The remaining EVA tasks were designed to pave the way for the arrival of the U.S. Laboratory Destiny early 2001. Joseph Tanner mounted the robotic arm to mate a prerouted cable for the centerline berthing camera to the early communications system antenna to provide the STS-98 crew with camera views to aid them in attaching the large lab module. Joseph Tanner and Carlos Noriega then removed umbilicals from Pressurized Mating Adapter-2 (PMA-2) connecting them to a dummy panel located on that docking port preparing it for relocation to the aft end of the Destiny module during the STS-98 mission.
The third and final EVA was conducted by Joseph Tanner and Carlos Noriega on December 07, 2000 (5h 10m). First they had to repair a solar array wing. Later they installed Floating Potential Probes to measure electrical potential surrounding the station, installed a camera cable outside the Unity Module.
After that the crew of the Endeavour turned over to the ISS and its current resident crew (December 08, 2000).

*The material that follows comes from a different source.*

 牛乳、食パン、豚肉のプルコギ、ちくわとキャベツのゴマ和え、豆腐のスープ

Until then the shuttle and the station had kept one hatch closed to maintain respective atmospheric pressures, allowing the shuttle crew to conduct their spacewalks and mission goals. After a welcome ceremony and briefing, the eight spacefarers conducted structural tests of the station and its solar arrays, transferred equipment, supplies and refuse back and forth between the spacecraft, and checked out the television camera cable installed by Joseph Tanner and Carlos Noriega for the upcoming mission.

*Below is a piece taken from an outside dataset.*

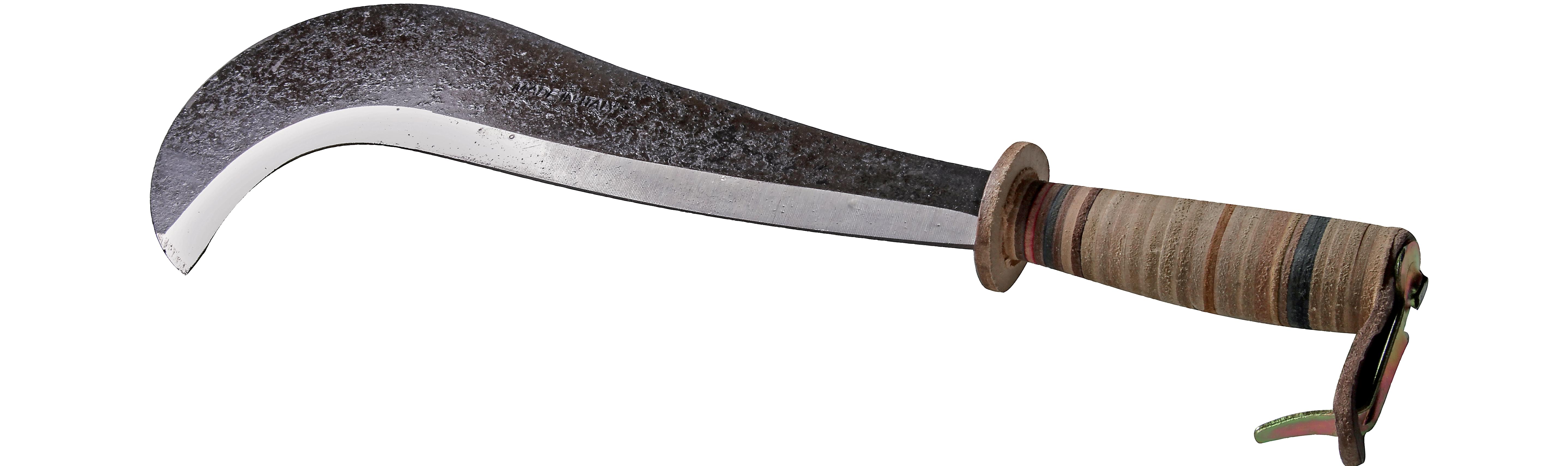 Billhook with a 280mm blade in burnished and painted steel. With leather handle. Professional performance distinguishes the products of the PRO line, designed to meet the needs of professionals or DIY enthusiasts.

On December 09, 2000 the two crews completed final transfers of supplies to the station and other items being returned to Earth. The Endeavour crew bade farewell to the first expedition at 10:51 EST and closed the hatches between the spacecraft.
Following its undocking from the ISS on December 09, 2001, Pilot Michael Bloomfield slowly backed Endeavour away from the ISS at the rate of about 1/10th of a foot-per-second before beginning a flyaround of ISS. Endeavour moved to a point about 450 feet below the station before beginning a tail-forward circuit of the station, arriving once again at a position approximately 600 feet below the ISS. At that point, Michael Bloomfield performed a final separation burn to move Endeavour away from the station.
Once Endeavour was about 30 feet away from the station, the Expedition One crew activated the station's attitude control systems. The Zvezda module then maneuvered station to is normal orientation for orbital operations, the solar arrays were commanded to resume sun tracking, and the station docking system and lights were deactivated.
With STS-98 a second Space Shuttle docked with the International Space Station on February 09, 2001 and became the second visiting crew to Expedition One.
The primary objective of STS-98 (ISS-06-5A Lab "Destiny"), International Space Station Assembly Mission 5A, was to deliver and install the U.S. Destiny Laboratory onto the ISS. The centerpiece of research on this world-class scientific orbiting outpost, this workshop in space support experiments and studies in cancer, diabetes and materials, just to name a few.
The aluminum U.S. laboratory module is 28 feet long and 14 feet wide. It is comprised of three cylindrical sections and two endcones that contain the hatch openings through which astronauts can enter and exit the module. Destiny was mated to the forward port of Unity.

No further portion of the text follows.